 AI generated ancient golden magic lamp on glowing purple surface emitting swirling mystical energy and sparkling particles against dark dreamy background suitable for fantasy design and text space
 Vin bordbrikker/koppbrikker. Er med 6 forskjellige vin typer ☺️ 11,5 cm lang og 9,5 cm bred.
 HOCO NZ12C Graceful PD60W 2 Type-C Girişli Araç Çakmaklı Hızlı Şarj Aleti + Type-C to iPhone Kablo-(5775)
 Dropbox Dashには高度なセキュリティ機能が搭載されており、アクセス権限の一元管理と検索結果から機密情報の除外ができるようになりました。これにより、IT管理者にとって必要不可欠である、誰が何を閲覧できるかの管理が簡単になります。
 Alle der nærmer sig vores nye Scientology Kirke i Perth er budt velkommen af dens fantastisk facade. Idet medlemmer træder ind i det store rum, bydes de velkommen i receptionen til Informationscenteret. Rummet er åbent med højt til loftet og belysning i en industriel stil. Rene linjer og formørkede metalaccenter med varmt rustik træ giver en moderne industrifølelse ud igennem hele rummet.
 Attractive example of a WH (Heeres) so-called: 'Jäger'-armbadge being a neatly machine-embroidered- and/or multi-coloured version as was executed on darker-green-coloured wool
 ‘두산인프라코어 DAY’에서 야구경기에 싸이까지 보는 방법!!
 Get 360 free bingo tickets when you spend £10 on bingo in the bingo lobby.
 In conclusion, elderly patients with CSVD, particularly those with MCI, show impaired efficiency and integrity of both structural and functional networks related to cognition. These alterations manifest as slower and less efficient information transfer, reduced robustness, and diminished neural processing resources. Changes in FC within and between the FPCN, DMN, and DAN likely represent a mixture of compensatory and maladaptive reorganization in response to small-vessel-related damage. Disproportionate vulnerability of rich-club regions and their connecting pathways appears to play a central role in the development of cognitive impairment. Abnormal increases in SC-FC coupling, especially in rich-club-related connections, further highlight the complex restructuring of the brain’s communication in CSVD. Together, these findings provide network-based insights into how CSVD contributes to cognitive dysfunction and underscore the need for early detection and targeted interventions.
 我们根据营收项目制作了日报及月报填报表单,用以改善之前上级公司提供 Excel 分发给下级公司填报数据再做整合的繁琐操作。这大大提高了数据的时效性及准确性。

PROBLEM TO WORK ON =
Everything from the line containing "In conclusion, elderly" through the last line above should be copied exactly, please, with nothing added.

COMPLETED EXERCISE =
 In conclusion, elderly patients with CSVD, particularly those with MCI, show impaired efficiency and integrity of both structural and functional networks related to cognition. These alterations manifest as slower and less efficient information transfer, reduced robustness, and diminished neural processing resources. Changes in FC within and between the FPCN, DMN, and DAN likely represent a mixture of compensatory and maladaptive reorganization in response to small-vessel-related damage. Disproportionate vulnerability of rich-club regions and their connecting pathways appears to play a central role in the development of cognitive impairment. Abnormal increases in SC-FC coupling, especially in rich-club-related connections, further highlight the complex restructuring of the brain’s communication in CSVD. Together, these findings provide network-based insights into how CSVD contributes to cognitive dysfunction and underscore the need for early detection and targeted interventions.
 我们根据营收项目制作了日报及月报填报表单,用以改善之前上级公司提供 Excel 分发给下级公司填报数据再做整合的繁琐操作。这大大提高了数据的时效性及准确性。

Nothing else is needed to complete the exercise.